Conducting COVID autopsies has been like going to a police lineup where one might not be able to definitively pick out the perpetrator but unlikely suspects can be eliminated, said Alex Williamson, MD, chief of autopsy pathology at New York’s 23-hospital Northwell Health. “We’ve exonerated a lot of pathologies” so far, Williamson told Medscape Medical News.

“We’ve learned through autopsy that there’s no direct tissue pathology to account for the acute symptoms that are seen” in the heart, the kidney, and the brain, said Williamson, a member of the College of American Pathologists’ autopsy committee.

“That points us in the clinical investigative realm to finding other mechanisms for those processes, the goal being able to prevent them or treat them,” he said.

Autopsy is about the dead helping the living.
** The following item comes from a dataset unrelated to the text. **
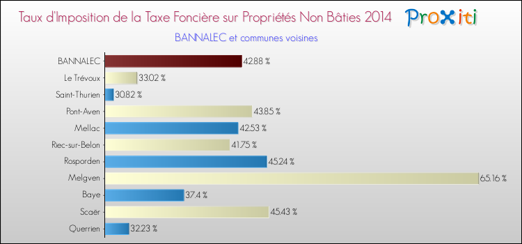 En 2014, le taux de la taxe foncière sur le non bâti vôté par le conseil municipal de Bannalec était de : 42.88 %.

What we learn from someone who has died from an illness helps us better manage the people that have yet to contract that illness. Dr Alex Williamson

Most reports have been small case studies from around the world, which are important to pointing out various potential pathologies, but don’t have the heft of aggregate data, said Williamson. He’s working on a study that will give a bigger picture from a dozen pathology sites in the United States and Brazil. It should be published by the fall, he said.

Pathologists have postulated a handful of hypotheses about the causes of extensive organ damage in COVID-19, including that hypoxia resulting from compromised lung function may be causing secondary injuries, said Williamson.